TASK DESCRIPTION – Word for word, restate the lines from the one containing "Enfin, vous installerez" through the last line of the material, and include no pictures.

STORED DATA –
□ □ □

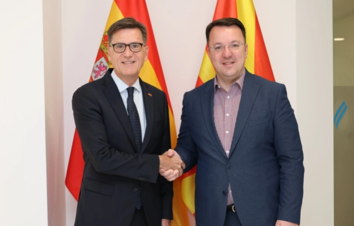 Билатералните односи меѓу Македонија и Шпанија дополнително ги зајакнуваме преку отворање на авиолинијата Скопје-Мадрид и претходно воспоставената линија Скопје-Барселона, истакнале на денешната средба вицепремиерот и министер за транспорт Александар Николоски и амбасадорот на Кралството Шпанија, Рафаел Сориано Ортиз, соопшти Министерството за транспорт.
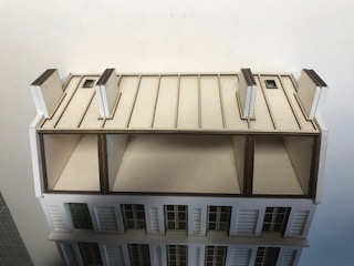 Enfin, vous installerez le balcon filant au dernier étage par superposition des deux pièces de 1 mm.
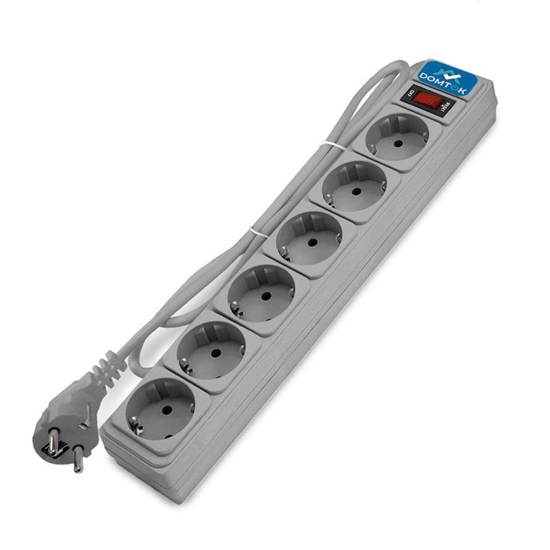 Удлинитель с сетевым фильтром 6х5м с заземл 10А IP20 2.2кВт ПВС 3х1 с выкл. сер. DOMTOK 2520 - условия доставки

□ □ □

RESULT OF THE TASK –
 Enfin, vous installerez le balcon filant au dernier étage par superposition des deux pièces de 1 mm.
 Удлинитель с сетевым фильтром 6х5м с заземл 10А IP20 2.2кВт ПВС 3х1 с выкл. сер. DOMTOK 2520 - условия доставки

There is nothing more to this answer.